Roemer had no comment on Eskelsen's claim that PACs are funding Cook's campaign, while Eskelsen's is getting more individual contributions. "We haven't studied her report to see that."

But Roemer warns be ready for "big labor" to come into the 2nd District race with an independent campaign against Cook. "Big labor spent $30 million in independent campaigns (against GOP candidates) in 1996. They've targeted 35 congressional races this year, but we don't know yet if ours will be one of them," said Roemer.

Eskelsen has more cash on hand than Cook - a rarity for a Democratic challenger in Utah.

She has $234,000 in cash as of July 15, Cook has $144,000. She's husbanding her money, Eskelsen said, to make a serious advertising run at Cook nearer the November election. "We're saving our resources. I have more money in the bank than (Cook), which shows what a strong campaign we have," she said.

Cook, a millionaire owner of a mining explosives firm, over the years has spent more than $3 million of his own money on his various races and citizen initiative petition drives.

In 1996, he spent around $1 million of his own cash on his 2nd Congressional District race. This year he hasn't put any of his own money into his race. "We aren't worried at all about our (financial) position now," said Roemer. "When the congressman needs the (campaign) money, it will be there."

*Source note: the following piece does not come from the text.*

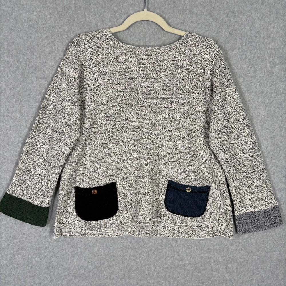 Margaret Winters Sweater Womens Small Gray Cream Pockets Lagenlook Artsy Granny $128 MSRP JAZZY Sweater by Margaret Winters: A natural heathered color body with Fall color pockets and cuffs. This sweater top can be worn front side/back side. Either side is the right side. The sweater is cotton blend knit and made in NYC. Machine wash cool, lay flat to dry. EXCELLENT Pre-owned condition: minimal to no signs of wear, no stains or holes Possibly brand new. No signs of wear. SKU 5812 **Please see all pictures for full item condition and details** - Ships Same/Next Day, Professional Seller, Offers Welcome, Like or watch for price drops - Item in photos is exact item you will receive - I list new items daily, be sure to browse my store/closet for more items - Bundle pricing and combined shipping available for additional savings - Feel free to send a message
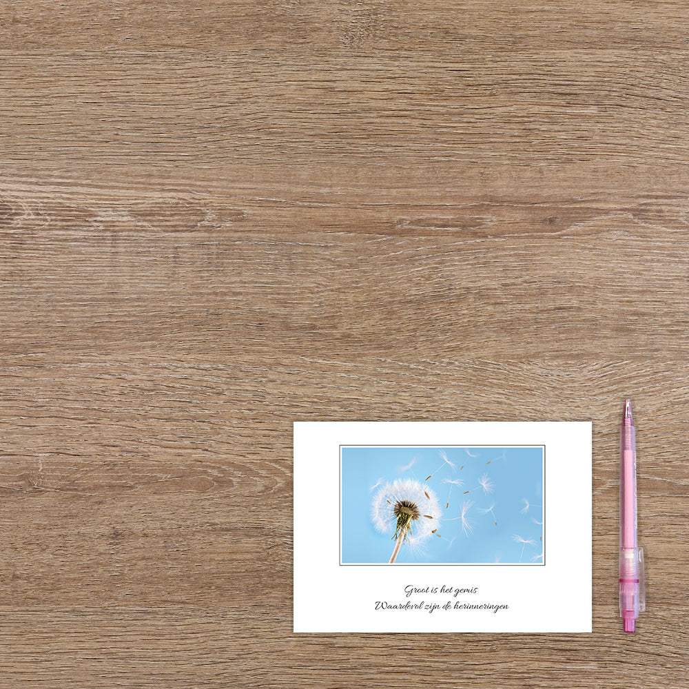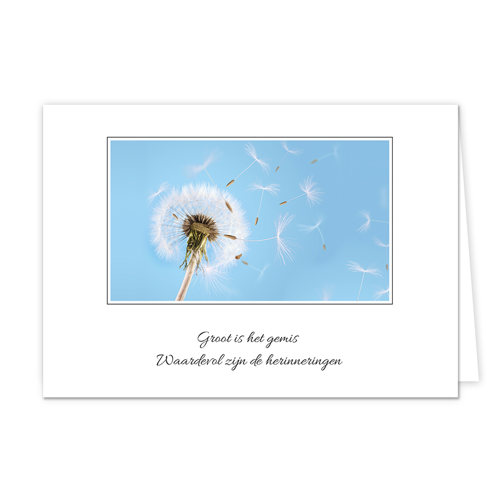 De wenskaart heeft een afmeting van x en een liggende vorm. Op deze wenskaart staat een paardenbloem op een blauwe achtergrond met daaronder de tekst: "Groot is het gemis, waardevol zijn de herinneringen". De binnenzijde van de wenskaart is bedrukt met de tekst "Veel sterkte in deze moeilijke tijd".

FEC reports show he's raised $311,000 and spent $168,000. Eskelsen has raised $219,000 and spent $98,000 since the first of the year. However, both Eskelsen and Cook raised considerable funds in 1997 - and thus the big Eskelsen cash war chest.

The reports of Sen. Bob Bennett, R-Utah, show he has a big lead over Democratic challenger Scott Leckman in cash as well as in the public opinion polls.

Bennett, who has been fund raising for most of his six years in office, raised $390,000 since Jan. 1, 1998, and spent $327,000. But he has $437,000 in cash on hand.

Leckman, who only got into the race last December, has raised $74,000 and spent $63,000. He has only $10,000 in cash and has himself donated $10,000 to his race.

Hansen's report was not in. Steve Beierlein, a Democratic financial consultant who is challenging the 18-year-incumbent in the 1st Congressional District, has raised $26,000 and spent $82,000. Beierlein has given his campaign $4,200 and loaned it $74,000.

In the 3rd Congressional District, GOP Rep. Chris Cannon has no Democratic opponent. He has $25,000 in cash in his account.

Cannon did have an unexpected primary election in June. Just before that election he loaned his campaign $10,000. His reports still show his 1996 loans of around $1.6 million. In fact, his report has 35 pages listing those loans and showing them still outstanding.